BULLYING AO POVO BRASILEIRO:
AS AMARRAS QUE ESCRAVIZAM AS FAMÍLIAS
Antônio de Pádua Galvão∗
A Praça Sete é agora minha inspiradora. Chego às 9h, tomo um cafezinho, delicio
um pão de queijo no Café Nice, saúdo meus amigos, cumprimento a Sandra da
banca de jornal e vou sentido o movimento do centro. É neste observatório que
começo a pensar nas diversas e nefastas agressões sofridas de modo sistemático
pelo povo brasileiro.
Numa frenética manhã, estando no centro de BH, me deparei com os jogadores de
xadrez no quarteirão fechado da rua Rio de Janeiro com Avenida Afonso Pena.
Eles (os jogadores) demonstram astúcia e inteligência em cada jogada. Observo o
tabuleiro de xadrez, os banquinhos e o silêncio do jogo. Tudo ali no meio da rua, na
calçada, em frente ao extinto Banco do Estado de Minas Gerais (BEMGE). Banco
que fez história em Belo Horizonte e Minas Gerais, emprestou ao povo e saciou o
voraz apetite dos políticos.
De pé, em frente ao banco, observo os jogadores de xadrez e sou tomado de
pensamento. Percebo a força da dinâmica da cidade. Uns indo para o trabalho,
outros para a escola, compras e os afazeres do dia a dia. Meus sentidos se voltam
para força do sistema financeiro. Lembro-me do antigo Banco Lavourinha, Credireal,
Banco Nacional, Banco Mineiro, Banco do Progresso, Mutual, Banco Hércules, etc.

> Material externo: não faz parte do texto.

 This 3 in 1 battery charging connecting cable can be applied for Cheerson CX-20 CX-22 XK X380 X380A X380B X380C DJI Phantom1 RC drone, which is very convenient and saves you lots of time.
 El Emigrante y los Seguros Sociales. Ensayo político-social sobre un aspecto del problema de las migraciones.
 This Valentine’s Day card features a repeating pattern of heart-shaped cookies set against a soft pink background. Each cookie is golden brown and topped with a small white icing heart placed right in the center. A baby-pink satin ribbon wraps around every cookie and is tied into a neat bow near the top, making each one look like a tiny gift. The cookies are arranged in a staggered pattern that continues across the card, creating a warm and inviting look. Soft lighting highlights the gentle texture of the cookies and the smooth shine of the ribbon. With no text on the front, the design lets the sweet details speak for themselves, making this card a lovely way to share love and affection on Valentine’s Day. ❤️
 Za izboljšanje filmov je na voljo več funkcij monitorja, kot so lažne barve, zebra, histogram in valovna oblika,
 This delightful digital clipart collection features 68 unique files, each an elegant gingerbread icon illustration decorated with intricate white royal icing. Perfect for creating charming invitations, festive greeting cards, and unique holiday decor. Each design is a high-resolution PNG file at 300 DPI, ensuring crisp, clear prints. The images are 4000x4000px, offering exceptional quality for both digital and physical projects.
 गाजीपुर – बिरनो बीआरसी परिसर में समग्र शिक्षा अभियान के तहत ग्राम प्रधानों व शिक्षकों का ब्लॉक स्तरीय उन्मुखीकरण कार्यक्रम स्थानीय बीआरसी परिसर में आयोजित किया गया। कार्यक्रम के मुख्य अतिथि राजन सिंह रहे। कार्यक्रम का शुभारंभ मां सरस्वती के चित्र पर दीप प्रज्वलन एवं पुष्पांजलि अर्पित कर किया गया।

E vejo a força dos bancos atuais: Banco do Brasil, Caixa Econômica Federal, Banco
Itaú, Banco Mercantil, Santander e tantos outros. Senti uma breve dor no peito.

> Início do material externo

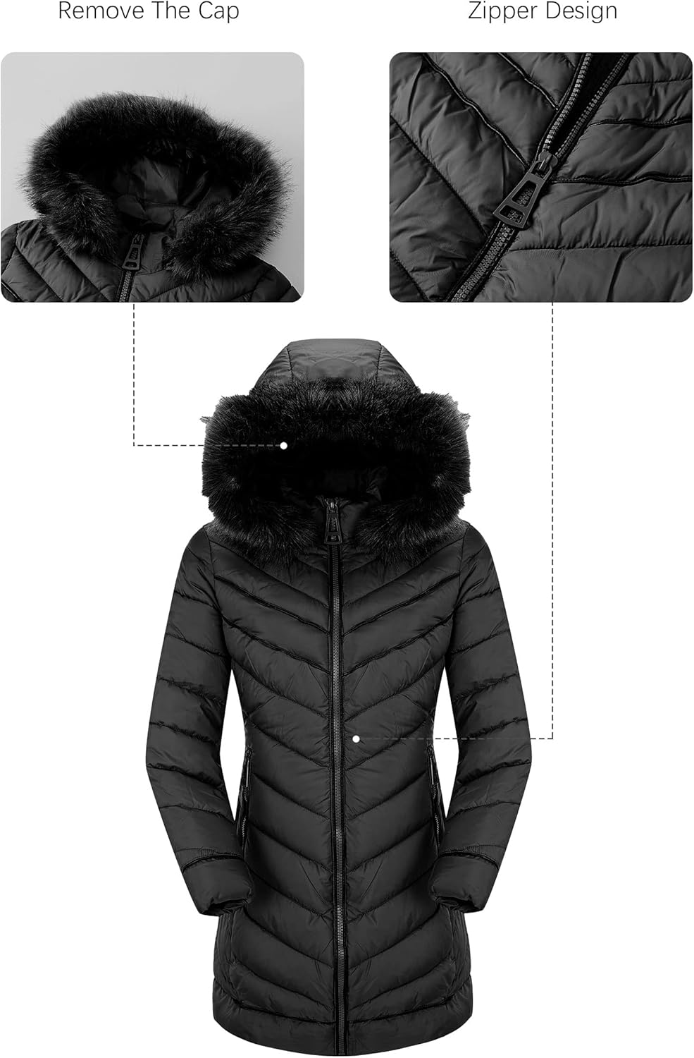 Bellivera Women’s Winter Thickened Quilted Puffer Jacket Zipper Pockets Bubble Coat with Removable Hood and Faux Fur Collar

Sintoma de saudade dos meus amigos e colegas dos tempos de bancário. Labutei
muito no Banco Mineiro, Unibanco e Banco do Progresso. Foram 15 anos neste
ofício de pressão. Bancário bebia muito para aliviar o estresse. Parece que o hábito
permanece. Afinal, BH é capital dos botecos.
∗
Antônio de Pádua Galvão é economista, psicanalista e conselheiro do CORECON-MG.

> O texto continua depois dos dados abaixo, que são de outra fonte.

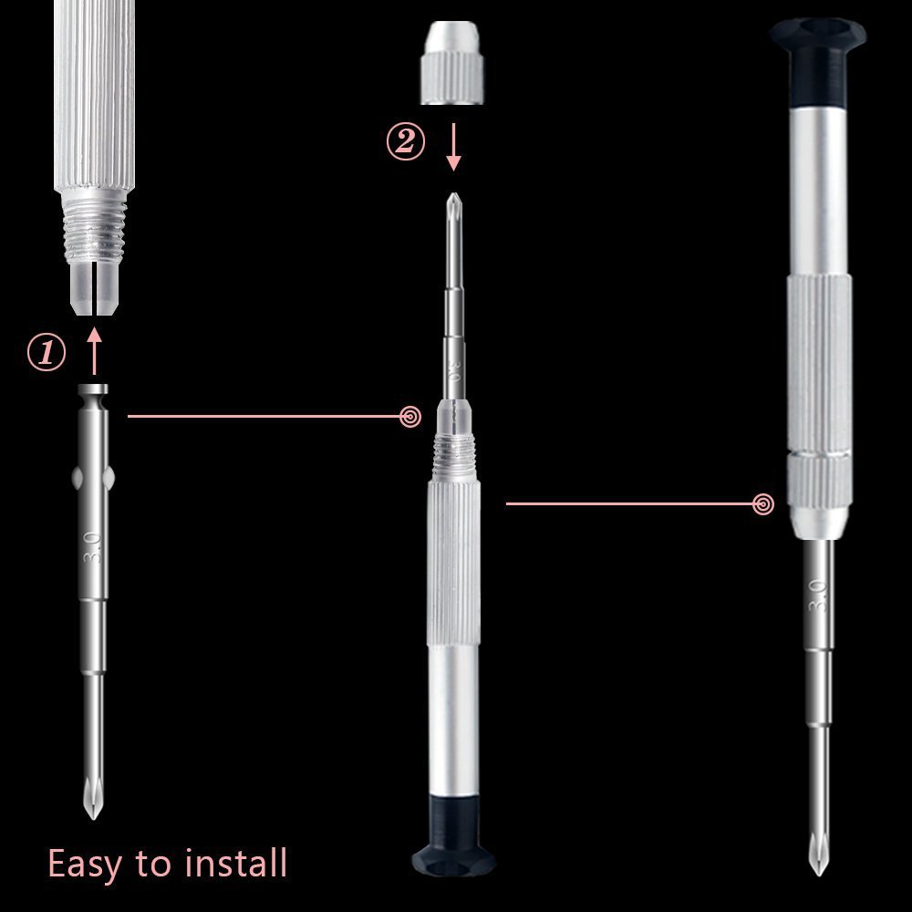 One Phillips screwdriver 2.5 / 2.0 / 1.5 / 1.3 / 1.0 mm each,
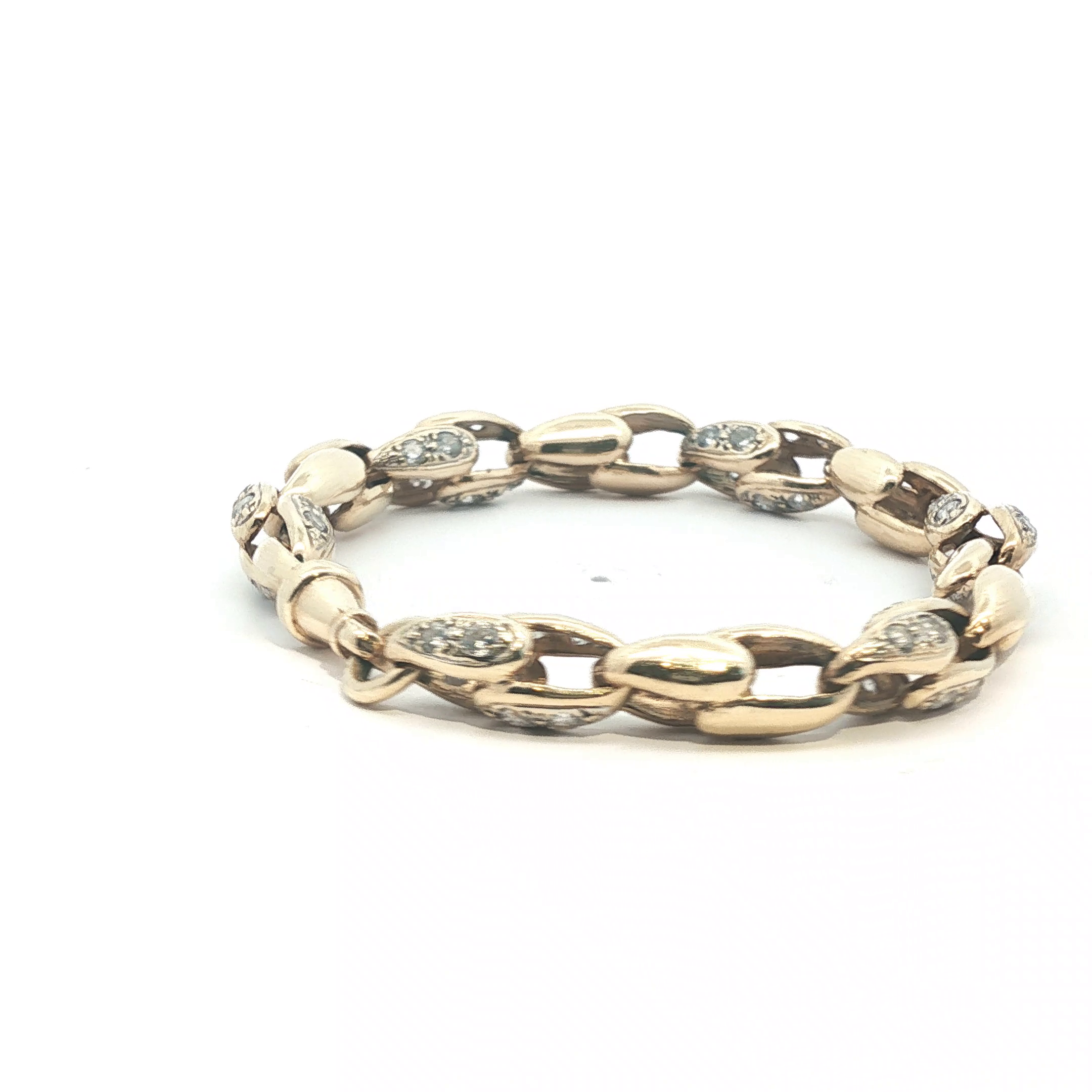 This elegant pre-owned 9ct gold bracelet showcases an exquisite tulip design adorned with carefully set stones. Measuring 8 inches, it offers a refined fit for everyday wear or special occasions. Weighing 25.61g, the substantial gold content ensures lasting quality and timeless appeal. A sophisticated piece that combines classic craftsmanship with distinctive floral artistry, perfect for those who appreciate vintage jewellery with enduring charm.
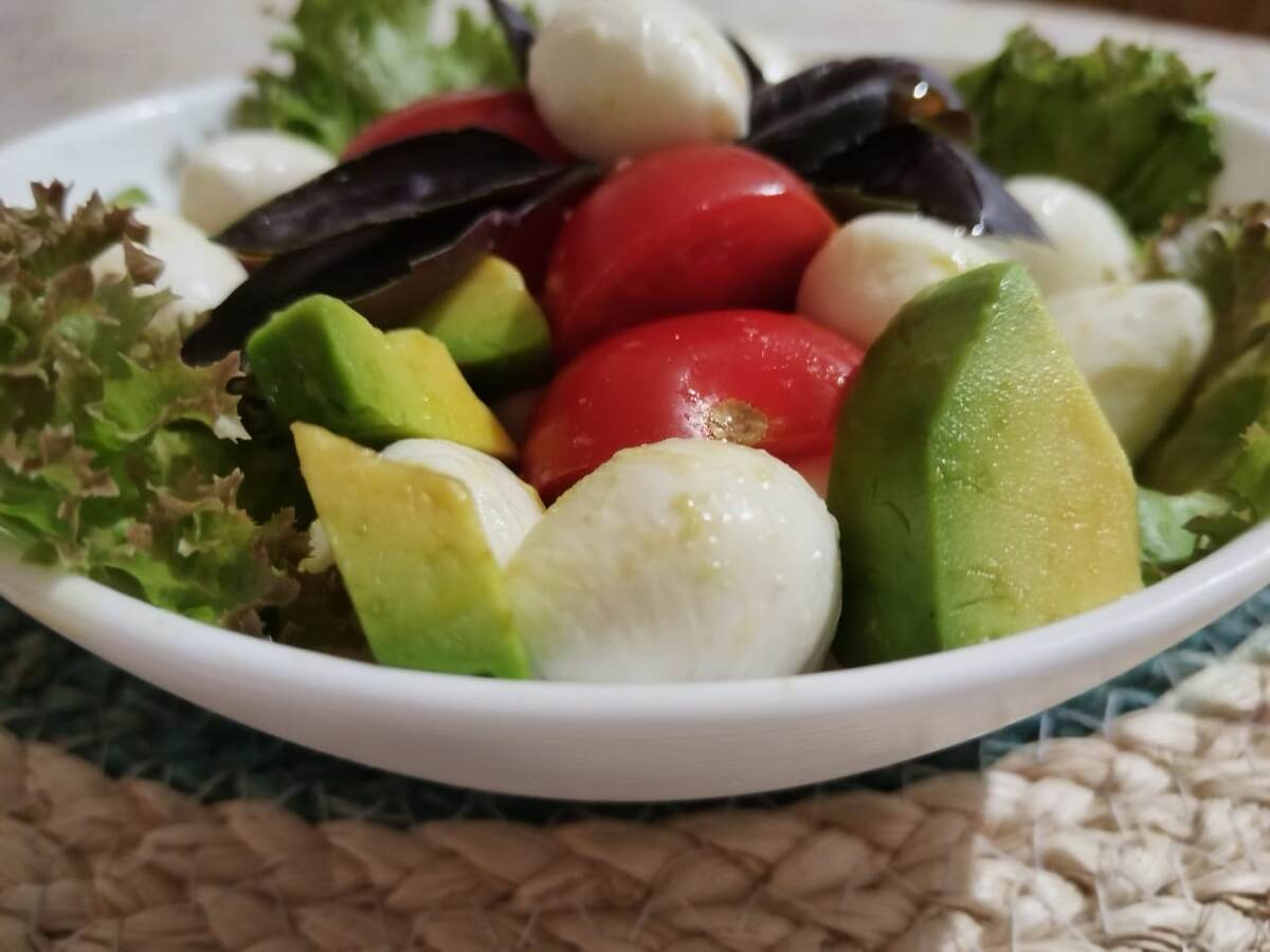 Легкий и освежающий салат с авокадо, помидорами и моцареллой

Mas agora, é xadrez que retoma minha atenção. Jogo de natureza complexa que me
remete às tramas do poder. A movimentação árdua dos peões que avançam à
frente das guerras, que lutam para proteger as elites (rei, rainha, bispo, cavalo e
torres) e suas famílias. Os peões são como nossos trabalhadores que avançam
destemidos na saga de vencer a grande batalha de sustentar seus entes, não para
acumular riquezas. Como economista, sempre me pergunto por que as famílias
brasileiras não são portadoras de uma robusta poupança. Fazem parte dos sonhos
dessas famílias alimentação, casa própria, assistência médica e educação. Essa
última sempre fica em último plano.
Os escravocratas nos legaram algumas chagas: a indiferença ao povo, a lógica
perversa da dependência cultural e a indigência, a precisão de tudo, a pobreza e
miséria. Existe uma herança genética de maldade, que passa de geração a geração
pelas elites. Elas buscam quebrar, vergar e fragilizar o chefe de família, tornando-o
dependente de um emprego com salário mínimo, uma educação pública lastimável,
com professores com salários vergonhosos.
É a instalação de uma política pública geracional. O binômio “povo sem cultura e
endividado”, com carência afetiva, mas consumo desenfreado.
Há algo que custa caro. Perceber a publicidade consumista, crédito abundante e
consignado. Tudo como a armadilha para capturar a alma e dominar simbólica e
financeiramente muitas famílias. Existe uma legião de endividados. São dívidas
fabricadas por meio de contratos abusivos que tiram dinheiro, o sono e a
possibilidade de buscar conhecimento. É uma espécie de cativeiro moderno. O
açoite é dado na dignidade, alimentando a lógica da dependência.
A moeda é como o sangue que circula em nossos corpos. Se uma parte do corpo
não recebe este líquido essencial, esta área murcha, adoece, gangrena e morre. E o
saber é como a liturgia para alma. Sem conhecimento, o espírito fica errante, sem o
destino e o sentido das coisas. É assim que se sentem as famílias sem renda. A
energia vai sucumbindo. Falta o básico: gás, pão, leite, almoço, janta, caderno e
lápis. Falta conhecimento, faltam livros, falta saber. E falta ainda o essencial: a
esperança da emancipação das famílias do povo brasileiro.